[Excerpts from a dataset]
== == ==
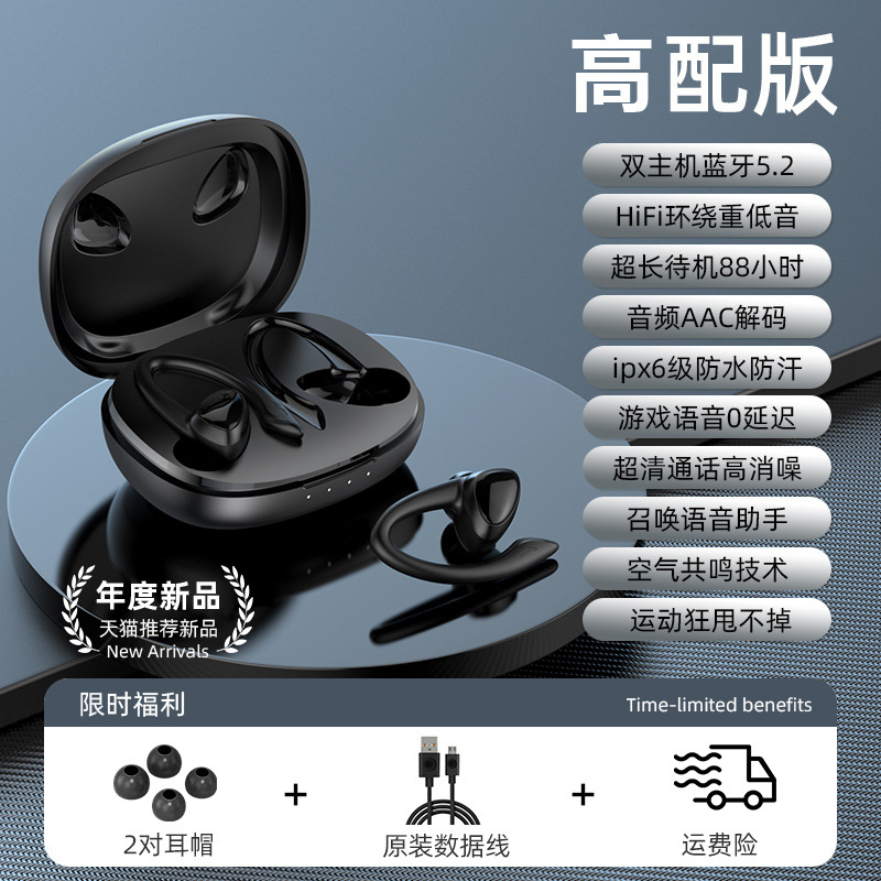 防水无线耳挂蓝牙5.4降噪耳机超长续航蓝牙耳机可旋转立体音效S03
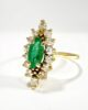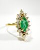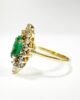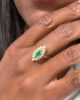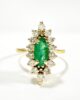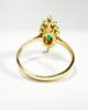 Sublime marquise ring from the early twentieth century in 18-carat yellow gold featuring a 0.9-carat marquise-cut emerald haloed with 14 brilliant-cut diamonds of 0.03 carats. All in finesse, this delicate ring presents an emerald of a vibrant color and a sublime garden. A classic piece that captures the light and the gaze instantly by the vibrance of its central stone contrasting with the fire of its diamonds,
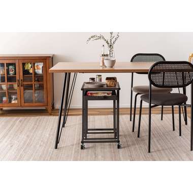 落ち着いた木目調と、モダンな印象を与えるスチールフレームの組み合わせが、様々なお部屋にすんなりと馴染みます。
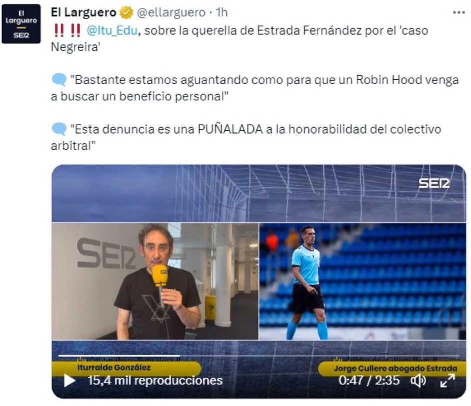بيريز بورول (حكم سابق) : لا أعلم إن كان أحد سيستطيع إيضاح ما هي النصائح التي قدمها نيغريرا مقابل 7 مليون € ؟ من أجل ماذا ؟ ليخبرهم أن يهددوا الحكم إذا مسك البطاقة بيده ؟!
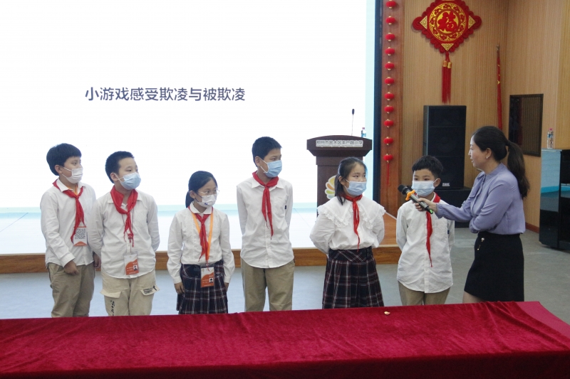 孟律師運用圖文、視頻及真實案例圍繞“什麽(me) 是校園欺淩”“校園欺淩會(hui) 造成哪些後果”“為(wei) 什麽(me) 會(hui) 有校園欺淩”“法律怎麽(me) 看待校園欺淩”“怎樣預防和應對校園欺淩”五方麵對防欺淩現象進行生動、詳細、全麵的講述分析,此外孟律師還通過遊戲方式帶領學生感受欺淩與(yu) 被欺淩,在互動環節中,模仿被欺淩者的同學說道“自己感到害怕,全身發抖,深深感受到了校園欺淩對被欺淩者的巨大傷(shang) 害。”孟律師強調同學之間應該互相幫助、團結友愛、和諧共處,如果遭遇到校園暴力傷(shang) 害,千萬(wan) 不要獨自一人承受恐懼和痛苦,更不能以暴製暴,正確做法是及時告訴家長和老師,必要時拿起法律武器,維護自身的正當權益,用正確的方法麵對校園暴力。她還教會(hui) 學生做情緒的主人,學會(hui) 自我調節。
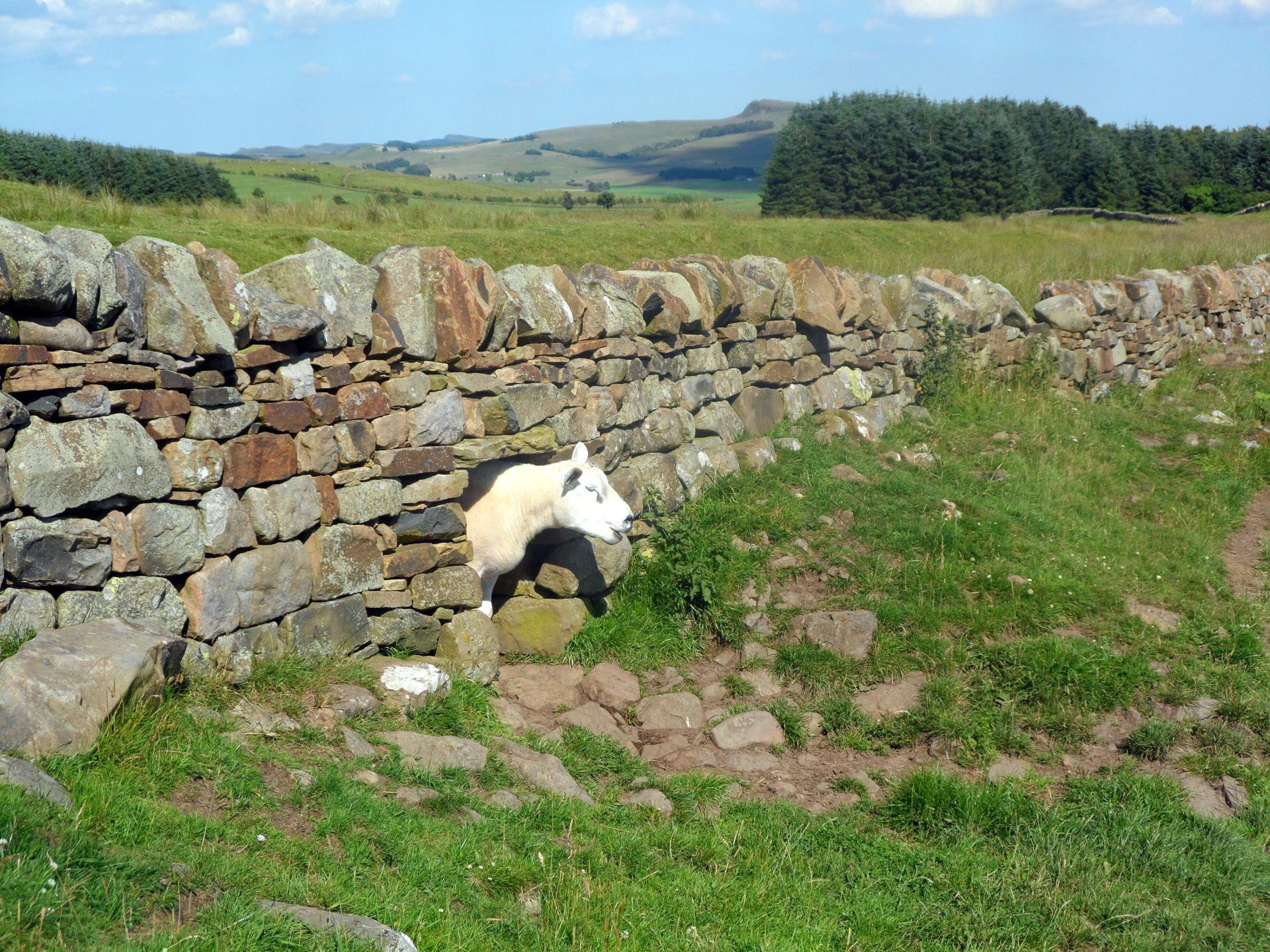 As I am walking along by a wall I see a sheep’s head poking out. Strange I think!. As I get close I can see there is a hole through the wall and the sheep is standing in this, with only it’s head to be seen. A sheep with brains obviously as it was doing this to get some shade from the sun
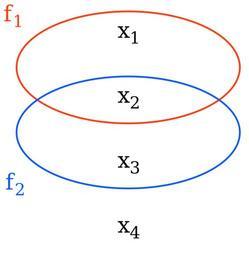 Keywords: Venn-Diagramm mit 4 Elementen und 2 Praedikate.svg Venn-Diagramm mit vier Elementen und zwei Prädikate mit denen jede Teilmengenbeziehung beschreibbar ist own 2006-11-17 User Chrislb Ohne Nutzungsbeschränkung Generic Venn diagrams
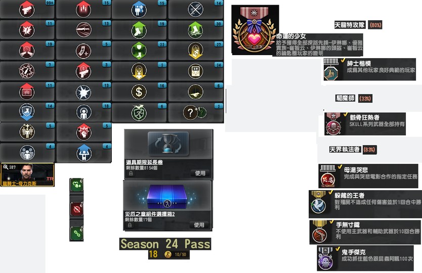 人魚公主-格雷西雅、貴族-崔智云、探路伊琳娜、打殭強化槍枝、愉快的度假等待室標誌
== == ==
**WORK INSTRUCTIONS**:
Copy word for word each line of the data above, from the first through the one containing "As I am walking", and include no pictures.

**ANSWER TO THE PROBLEM**:
 防水无线耳挂蓝牙5.4降噪耳机超长续航蓝牙耳机可旋转立体音效S03
 Sublime marquise ring from the early twentieth century in 18-carat yellow gold featuring a 0.9-carat marquise-cut emerald haloed with 14 brilliant-cut diamonds of 0.03 carats. All in finesse, this delicate ring presents an emerald of a vibrant color and a sublime garden. A classic piece that captures the light and the gaze instantly by the vibrance of its central stone contrasting with the fire of its diamonds,
 落ち着いた木目調と、モダンな印象を与えるスチールフレームの組み合わせが、様々なお部屋にすんなりと馴染みます。
بيريز بورول (حكم سابق) : لا أعلم إن كان أحد سيستطيع إيضاح ما هي النصائح التي قدمها نيغريرا مقابل 7 مليون € ؟ من أجل ماذا ؟ ليخبرهم أن يهددوا الحكم إذا مسك البطاقة بيده ؟!
 孟律師運用圖文、視頻及真實案例圍繞“什麽(me) 是校園欺淩”“校園欺淩會(hui) 造成哪些後果”“為(wei) 什麽(me) 會(hui) 有校園欺淩”“法律怎麽(me) 看待校園欺淩”“怎樣預防和應對校園欺淩”五方麵對防欺淩現象進行生動、詳細、全麵的講述分析,此外孟律師還通過遊戲方式帶領學生感受欺淩與(yu) 被欺淩,在互動環節中,模仿被欺淩者的同學說道“自己感到害怕,全身發抖,深深感受到了校園欺淩對被欺淩者的巨大傷(shang) 害。”孟律師強調同學之間應該互相幫助、團結友愛、和諧共處,如果遭遇到校園暴力傷(shang) 害,千萬(wan) 不要獨自一人承受恐懼和痛苦,更不能以暴製暴,正確做法是及時告訴家長和老師,必要時拿起法律武器,維護自身的正當權益,用正確的方法麵對校園暴力。她還教會(hui) 學生做情緒的主人,學會(hui) 自我調節。
 As I am walking along by a wall I see a sheep’s head poking out. Strange I think!. As I get close I can see there is a hole through the wall and the sheep is standing in this, with only it’s head to be seen. A sheep with brains obviously as it was doing this to get some shade from the sun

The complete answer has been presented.